Each indicator carries some additional information, and it is useful all, not just some one percent. For RSI there is no "buy at >0.99, sell at <0.01" strategy, it was an unfortunate example.

You've got to be kidding me. I wrote, that I exaggerate (I simplify things to the limit) and I wrote it twice:) Or would it be better if I gave a real example with 135 rules for the system?

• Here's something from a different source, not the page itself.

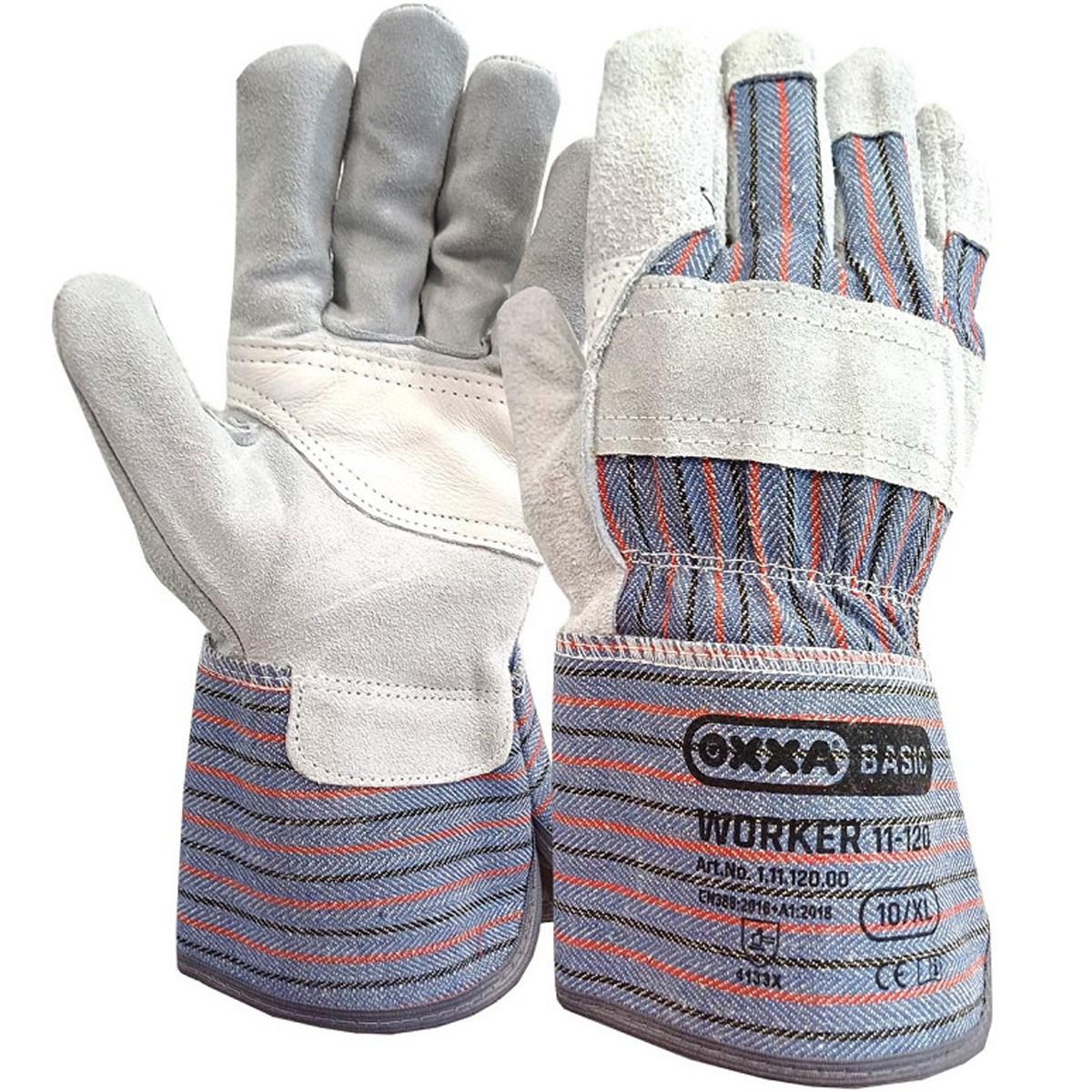 Werkhandschoen, ookwel Amerikaantje genoemd, gemaakt van rundersplitleder. De palmen worden versterkt met rundnerf lederen palmversterking. De binnenzijde is gevoerd met een witte polyester/katoenen voering.

Despite the fact that for what I wanted to explain one rule is more than enough.
 

To continue the topic about selection

I have this question: we have a predictor (one of many) with some range of values, let them be 10 pcs.

divide the predictor into these ranges X1,X2....X10

let's calculate the importance of each range in the predictor by some means it is not important now how

let's get a table of importance(let me remind you that it is all one predictor divided into sub-predictors)

Х1 = 0,5%

Х2 = 0,01%

Х3 = 0,003%

Х4 = 0,0033%

Х5 = 0,0013%

Х6 = 0,0039%

Х7 = 0,0030%

Х8 = - 0,0000%

Х9 = - 0,0001%

Х10 = - 0,00002%

we see that only one range "X1" really has a strong influence, the influence of the rest is either negative or half a step from negative and it is very doubtful that on the new data these ranges X2....X7 will show themselves for the better...

Question :

what is better? to leave the whole positive range X1...X7 or to leave only the range in which there is no doubt, that is only X1

And once again I remind it is only a selection on one predictor, and if so to clear 200 predictors? on which data will the algorithm better recognize the new data or not?

Who thinks about it ?

 
mytarmailS:

To continue the topic about selection

I have this question: we have a predictor (one of many) with some range of values, let them be 10 pcs.

divide the predictor into these ranges X1,X2....X10

let's calculate the importance of each range in the predictor by some means it is not important now how

let's get a table of importance(let me remind you that it is all one predictor divided into sub-predictors)

Х1 = 0,5%

Х2 = 0,01%

Х3 = 0,003%

Х4 = 0,0033%

Х5 = 0,0013%

Х6 = 0,0039%

Х7 = 0,0030%

Х8 = - 0,0000%

Х9 = - 0,0001%

Х10 = - 0,00002%

we see that only one range "X1" really has a strong influence, the influence of the rest is either negative or half a step from negative and it is very doubtful that on the new data these ranges X2....X7 will show themselves for the better...

Question :

what is better? to leave the whole positive range X1...X7 or to leave only the range in which there is no doubt, that is only X1

And once again I remind it is only a selection on one predictor, and if so to clear 200 predictors? on which data will the algorithm better recognize the new data or not?

Who thinks about it ?

A You can try it. Sometimes removing the tails of distributions and sometimes it helps.